The book is not an historical treatise on Guyana; it was not so directed. Indeed, it is subtitled ‘A Journey Through the Cottage Industry of Illegal Immigration.’ It is a fair criticism that Casavis does get mired in hyperbole sometimes, his forays into philosophy can become irritating, and the quality of the printing is poor, but ultimately he has given us an enthralling account of corruption on the boil that has the rubric “movie” flickering on every page.  All the ingredients are there – the dominant Mafia-like Carroll, both arrogant and racist; the militaristic enforcers he controlled; the inner sanctum restaurant meetings; the Joe De Agrella confrontation that eventually led to Carroll in jail in his homeland; the mighty USA State Department revealed in bare-faced corruption.

Two other comments: Casavis’ difficulty in getting his manuscript published was not, as has been asserted, because it was deemed too inflammatory. The author himself reports that the original hesitation was principally based on the subject matter being seen as “not American enough” for the American market, and this appraisal probably led to the emphasis on the American figure who now dominates the published manuscript.

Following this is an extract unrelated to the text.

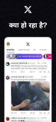 X एक गतिशील वैश्विक मंच है जहाँ विचार जीवंत होते हैं और संबंध पनपते हैं। यहाँ आप दुनिया भर के लाखों लोगों के साथ अपनी सामग्री साझा कर सकते हैं और सार्वजनिक संवादों में सक्रिय रूप से भाग ले सकते हैं। नवीनतम समाचारों, ट्रेंडिंग विषयों से हमेशा अवगत रहें, और अपनी पसंदीदा हस्तियों, ब्रांडों या रुचियों का अनुसरण करके अपनी फीड को अनुकूलित करें। X पर आप हर पल की धड़कन के साथ जुड़े रहते हैं, चाहे वह कोई बड़ा घटनाक्रम हो या कोई छोटी सी चर्चा।

It is also worth noting that once again, in the Caribbean tradition, it has taken a rank outsider to tackle the task of writing about a scandal in our country that none of our local pundits has engaged.

Ultimately, says the author, “Thomas Carroll was a violent man who became even more violent as his tour in Guyana progressed. He used both physical and mental violence to get what he wanted. He thought he had created the perfect system. He thought he had the goods on everyone, too.”